# p0302 car running terrible



## obermd (Mar 3, 2012)

You didn't by any chance use high pressure water on the engine block? P0302 is a cylinder 2 misfire. Ignore the red herring Stabilitrak and Traction Control warnings.


----------



## Damitz (May 11, 2014)

obermd said:


> You didn't by any chance use high pressure water on the engine block? P0302 is a cylinder 2 misfire. Ignore the red herring Stabilitrak and Traction Control warnings.


 I got a car wash with the underbody flush and I was assuming the traction control nonsense was a result of the misfire. What did that mess up by getting the underbody flush?


----------



## Robby (Mar 1, 2013)

Damitz said:


> I got a car wash with the underbody flush and I was assuming the traction control nonsense was a result of the misfire.
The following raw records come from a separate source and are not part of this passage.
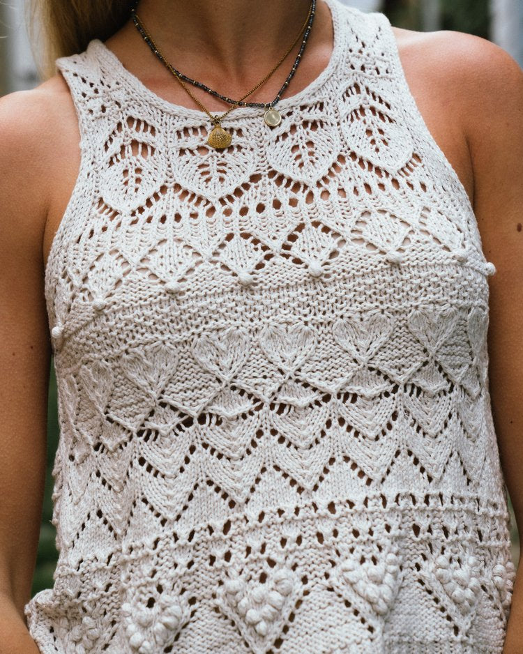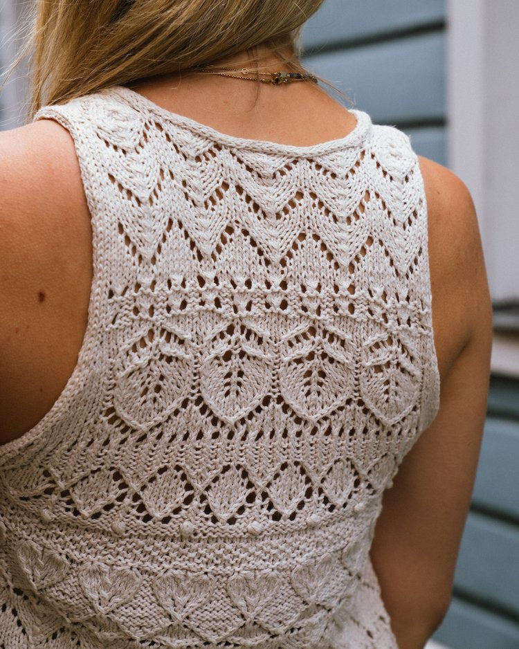 The Love Letter Top is a tribute to lace stitch patterns - a love letter written by a pair of knitting needles in the shape of a knitted fabric. The design was born from a desire to create something with an all over lace motif that keeps changing all the time. It’s a true celebration of the textures and intricate shapes that we can create with our knitting needles.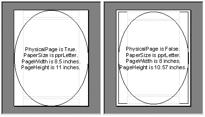 If the PhysicalPage property is set to False, the control draws and prints to the logical page. This means the page appears smaller than it actually is, and prevents output from being placed outside the printable area of the control.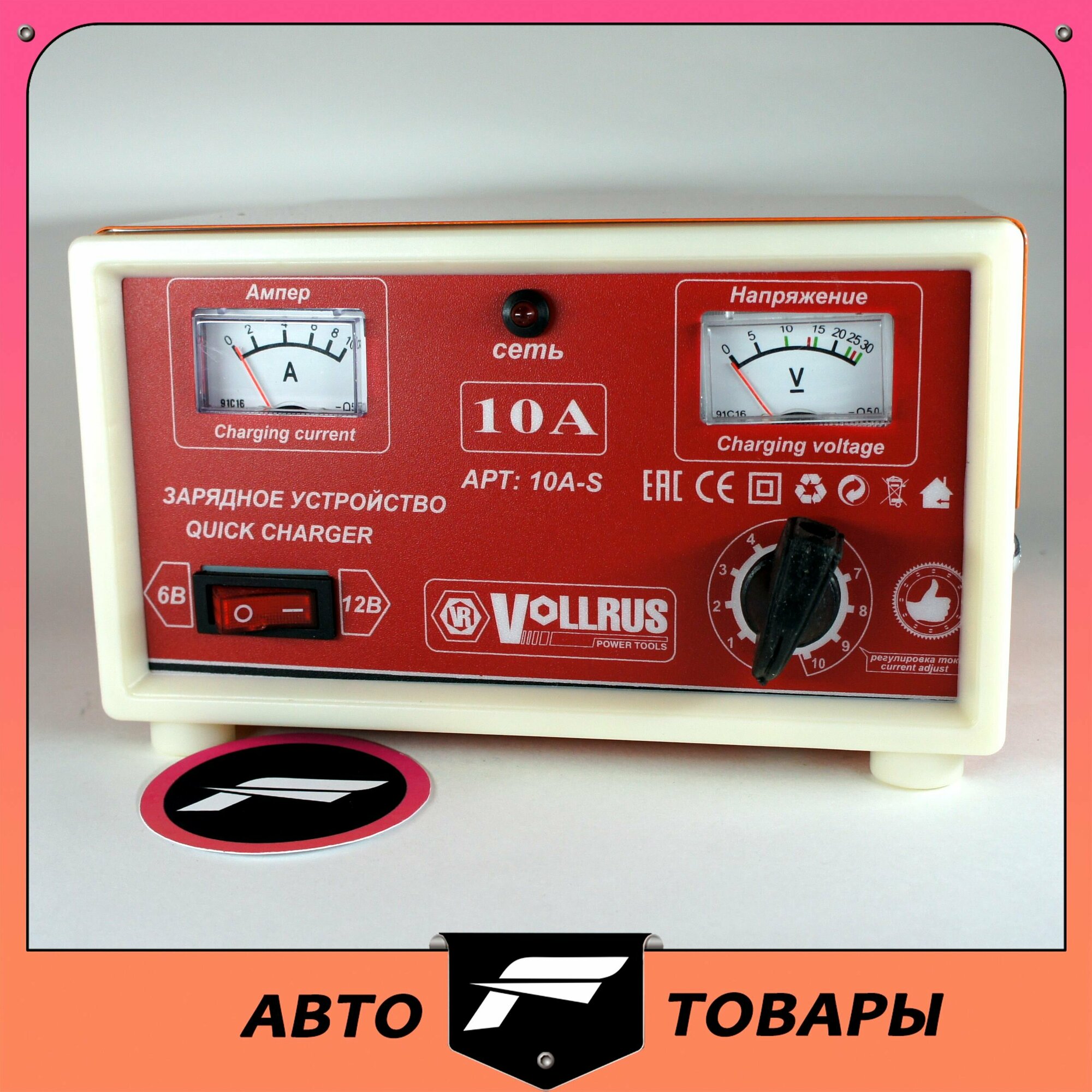 Зарядное устройство для АКБ VOLLRUS 10A-S, 6/12В, с индикатором напряжения,амперметром и регулировкой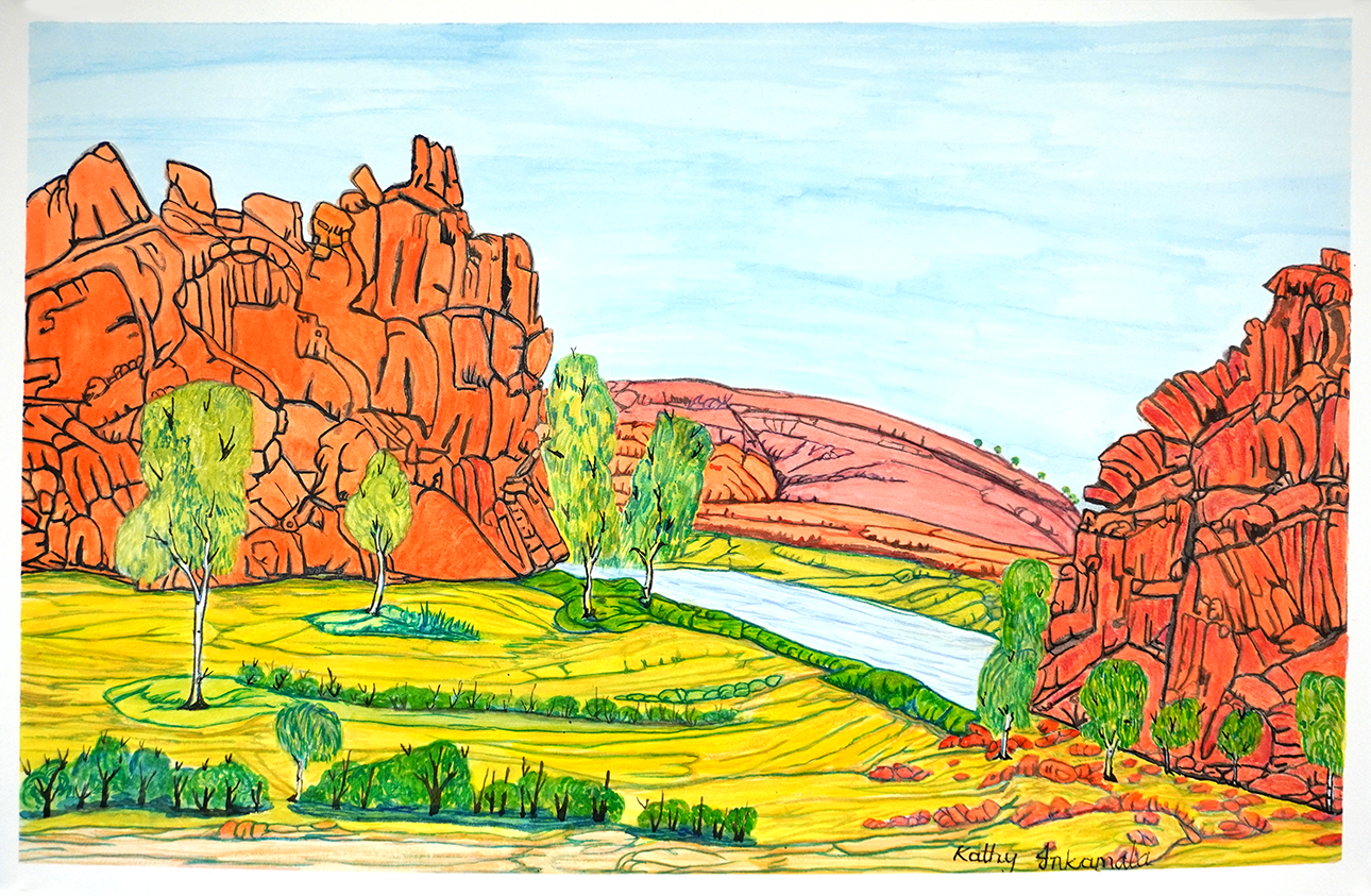 $850.00 1 in stock Glen Helen quantity Add to cart Glen Helen Catalog no. : 197-25 Artist name : Kathy Inkamala (11 artworks) Category : Established artists Size : 36 x 54cm Medium : watercolour on paper Status : In stock

What did that mess up by getting the underbody flush?


Odds are the underbody wash with water spraying straight up created a situation of a rainstorm under the hood and on top of the engine.
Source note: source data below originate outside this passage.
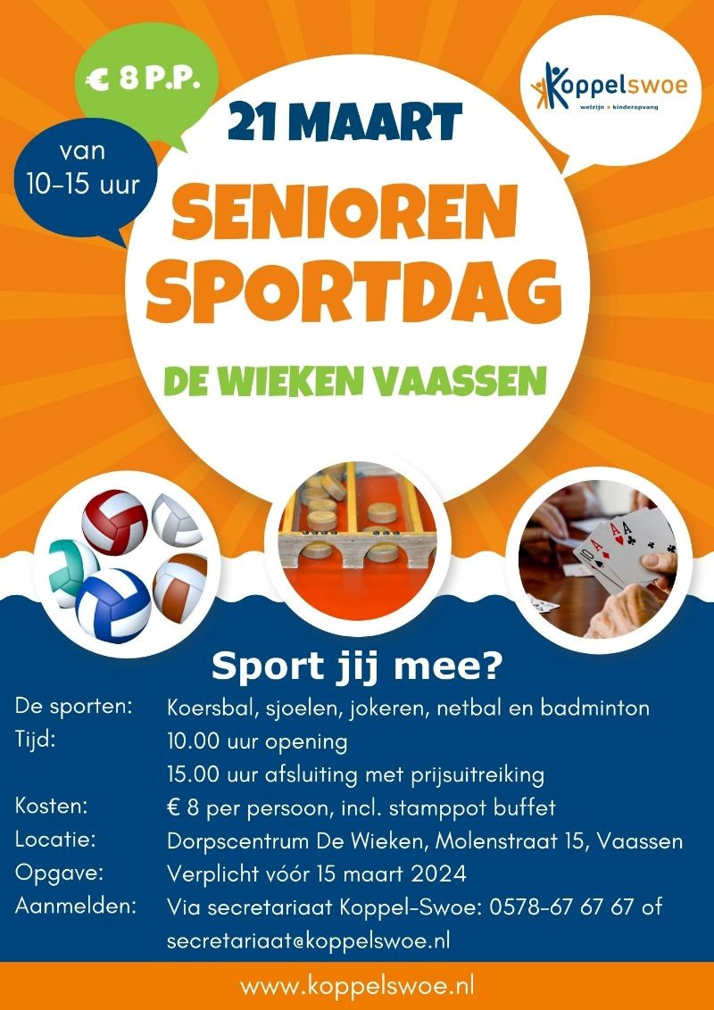 Op donderdag 21 maart 2024 organiseert Koppel-Swoe een seniorensportdag in dorpscentrum De Wieken in Vaassen. De seniorensportdag start om 10.00 uur en sluiten we rond 15.00 uur af met een prijsuitreiking.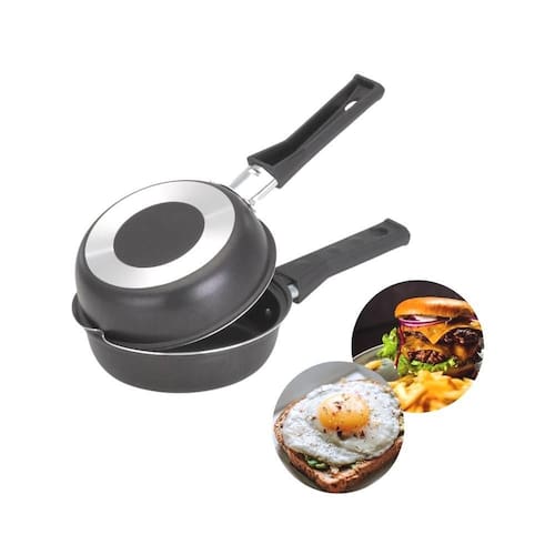 Frigideira dupla antiaderente para preparo de omeletes, hambúrgueres, queijos derretidos, aquecimento de pães e outros alimentos. Possui cabos em baquelite para maior segurança e facilidade de limpeza. Não funciona em fogão de indução.Base antiderrapante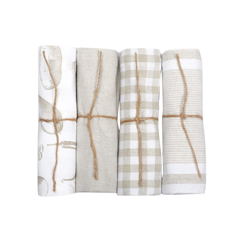 Lot de 4 torchons de Cuisine Blanc/Lin recyclé " 3 achetés 1 offert "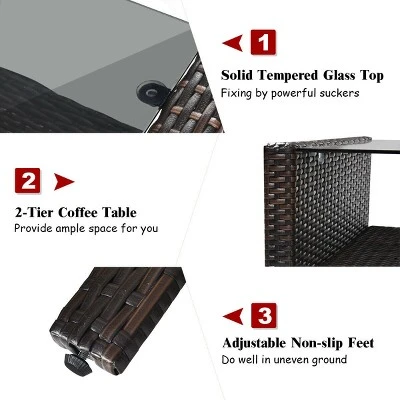 Rattan coffee table with tempered glass top and large storage space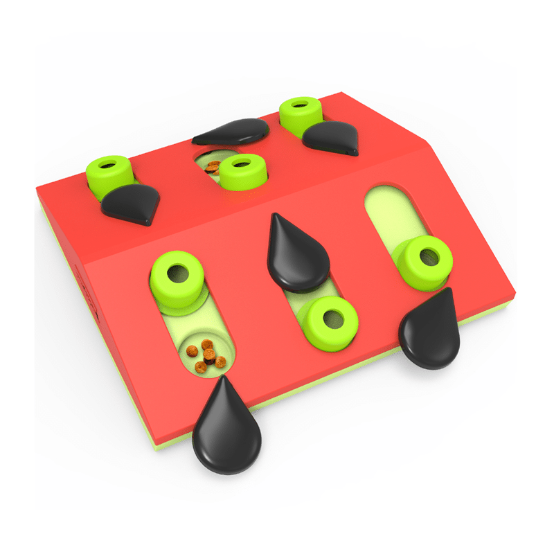 El Puzzle Melon Madness es un preciosos rompecabezas para gatos, tu gato deberá golpear las clavijas y girar las semillas para descubrir 6 compartimientos ocultos para los snacks. Ajusta la dificultad del Puzzle Melon Madness para que sea más fácil para los gatitos principiantes o más desafiantes para los gastos súper inteligentes.
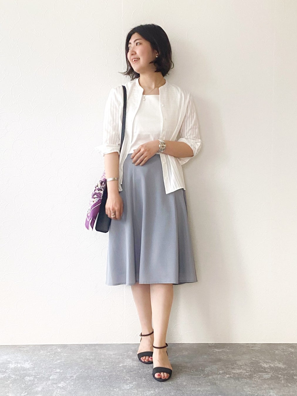 【6月】タンクトップにシャツを羽織って涼しげに。ホワイト×ホワイトのレイヤードが透明感を高めてくれるスタイリングです。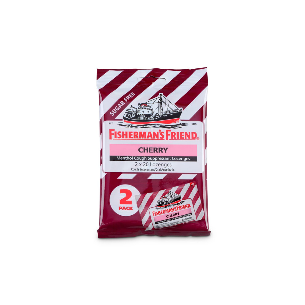 Cough Drops by Fisherman's Friend Cough Suppressant and Sore Throat Lozenges Cherry Sugar Free Menthol Flavor 40 Count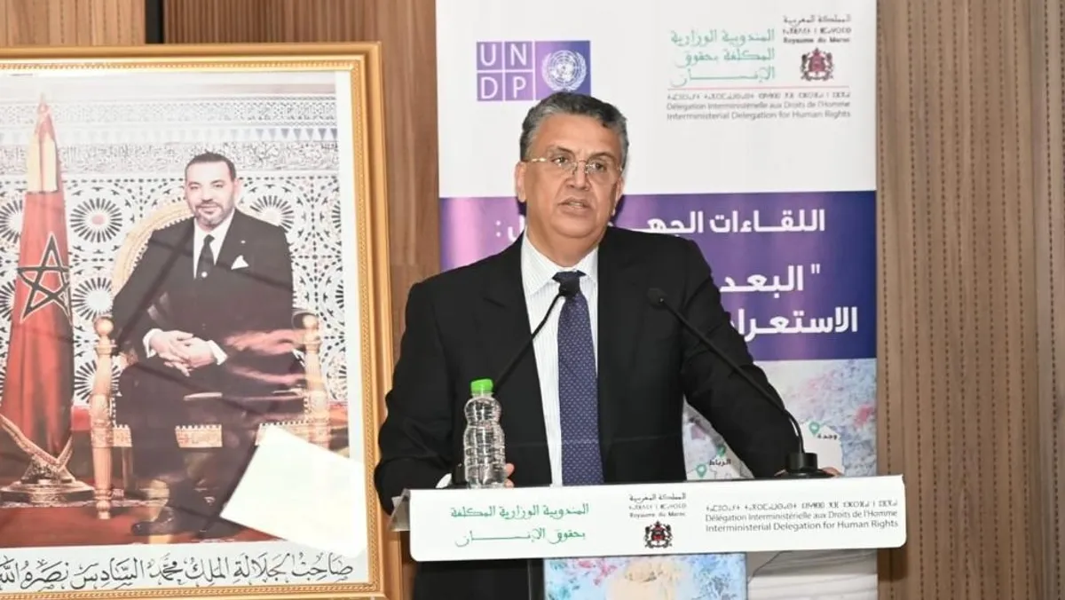 وزير العدل المغربي عبد اللطيف وهبي خلال ندوة بالعاصمة الرباط- 29 يونيو 2022 - "وزارة العدل المغربية"

That in mind, it may be as simple as a coil got so wet that it shorted through the moisture, causing the misfire and SES light. 

The TC/ABS stuff is likely a programmed disable when a misfire is present.

Sitting overnight, you may find it dried itself out from engine heat after shutoff.
If so, it'll run OK but the SES will be on for several start/run cycles untill the ECM is satisfied the misfire hasn't returned.

Rob


----------